Главным условием художественности Анненков ставит полную объективность изображения. В художественном произведении нужно избегать прямого вмешательства автора. Указания и приговоры последнего всегда производят на читателя неприятное впечатление, напоминая вывеску с изображением протянутого перста. Писатель не должен следить за своими героями, как нянька, наблюдая, чтоб каждый шёл прямо по начертанной дороге и по сторонам не зевал. Истинный художник даёт свободное движение герою. Характер его должен развиваться постепенно, последовательно, выясняясь всё более и более с течением времени, как это бывает в жизни, а не вставать с первого раза целиком обделанным, как статуя, с которой сорвали покрывало.
Анненков не принимает взгляд Чернышевского на литературу как на «учебник жизни», ибо видит в нём что-то дидактическое. Постоянные хлопоты писателя о мысли сообщают литературе педагогический характер: от усиленного умничанья исчезает свежесть понимания явлений, простодушие во взглядах на предметы, смелость обращения с ними. Художественная мысль, по мнению Анненкова, не имеет ничего общего с мыслями философскими или публицистическими. Общественное значение искусства заключается не в прямой проповеди, а в силе образного языка. Так, в каждую эпоху имеется любимый тип – герой своего времени; он исчезает в литературе лишь тогда, когда сильный талант в одном произведении или в нескольких изобразит его во всей полноте и самую идею, с ним соединенную, исчерпает до основания. С этого момента характер, вполне раскрытый в искусстве, пропадает и в самой жизни. Только в таком обратном действии искусства на жизнь и заключается его моральное назначение.
Анненков как эстетик-либерал очень недоверчив к тенденциозному искусству, в котором слишком обнажается эмоциональная реакция автора. Горький, болезненный опыт, распалённое воображение, доведённое до состояния экстаза или восторженности, разрешаются произведениями, имеющими относительное достоинство, неудачными в художественном отношении. Они не дают полноты эстетического наслаждения, которое поминутно прерывается и постоянно возмущается грубыми авторскими вторжениями. Высший род искусства возникает лишь там, где характеры и события выявлены полно, без утайки, без наговора, где они сами в себе, без авторской указки творят свой суд.

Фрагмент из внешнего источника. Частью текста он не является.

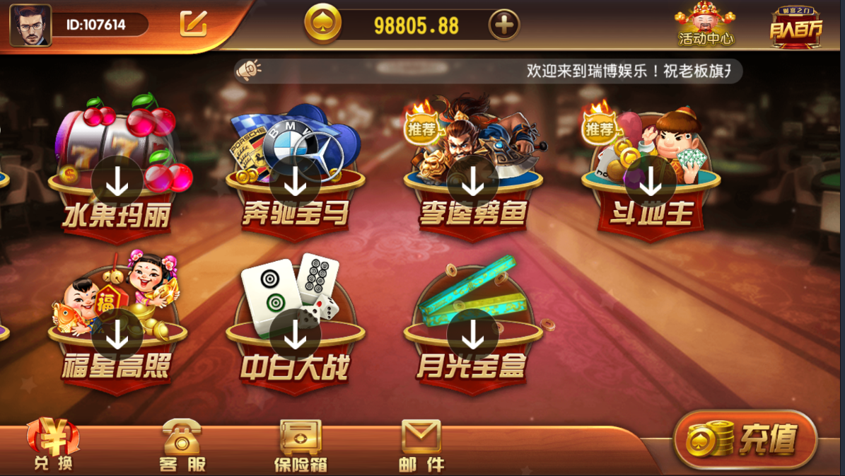 admin 1:1游戏 游戏源码 精品亲测 2020-05-09 瑞博娱乐 完美运营版 代理完整 带微信登录和手机登录 短信 支付 源码程序下载 最新瑞博娱乐运营版棋牌组件 游戏介绍 完整瑞博娱乐运营级别。代理完整!带微信登录和手机登录 短信 支付 内含游戏: 百人场: 金鲨银鲨、红黑大战、龙虎斗、奔驰宝马、中白大战、百人牛牛、百家乐 捕鱼场:疯狂捕鱼、李逵劈鱼 拉霸场:水果玛丽、福星高照、月光宝盒、财神到 扑克场:炸金花、斗地主、三公、抢庄牛牛 演示截图 瑞博娱乐

В статье «Старая и новая критика» Анненков рассматривает идею художественности и народности, которые, по его мнению, обратились для современной критики в единственный серьёзный вопрос. Понятие о художественности явилось у нас в критике Белинского 1830-х годов и вытеснило прежние эстетические учения. Белинский утверждал тогда идеальное представление об абсолютном совершенстве произведения, исключающем таланты с обыкновенными творческими способностями. За пределами изящной словесности остались у него многие явления литературы, приносящие нравственную пользу.
Почувствовав, что его теория художественности обнимает далеко не весь горизонт литературы, Белинский поделил всех писателей на два разряда: на гениев, создающих совершенное искусство, непричастное к спорам, и на писателей второстепенных. Но, оторвавшись от идеи чистого искусства, от высокой художественности, Белинский уже не знал, где остановиться, и оказался в плену жизненной случайности, общественной пользы.
Теперь, по мнению Анненкова, критика не должна повторять заблуждения позднего Белинского. Перед ней стоит задача свести прежнее идеальное представление о художественности в определение более скромное и простое, обнимающее всё многообразие современных явлений русской словесности.
Анненков упрекает критику Чернышевского в утилитарности, в пренебрежении спецификой искусства. Эта критика считает критерии художественности забавной, бесплодной игрой форм. Она требует, чтобы искусство посвятило себя прямому служению обществу. Осудив теорию художественности, утилитарная критика противопоставила ей идею народности. Но, по мнению Анненкова, без совершенной художественной формы народность принадлежит не искусству, а этнографии. Нет никакой другой формы, кроме чисто художественной, для совершенного воплощения в искусстве идеи народности.
С Анненковым солидарен Александр Васильевич Дружинин (1824–1864) в статье «Критика гоголевского периода русской литературы и наши к ней отношения». Подобно Анненкову, Дружинин формулирует два теоретических представления об искусстве: одно он называет дидактическим, а другое – артистическим. Дидактические поэты «желают прямо действовать на современный быт, современные нравы и современного человека. Они хотят петь, поучая, и часто достигают своей цели, но песнь их, выигрывая в поучительном отношении, не может не терять многого в отношении вечного искусства». К «дидактическим» писателям Дружинин относил Н. В. Гоголя и в особенности его последователей, писателей так называемой «натуральной школы».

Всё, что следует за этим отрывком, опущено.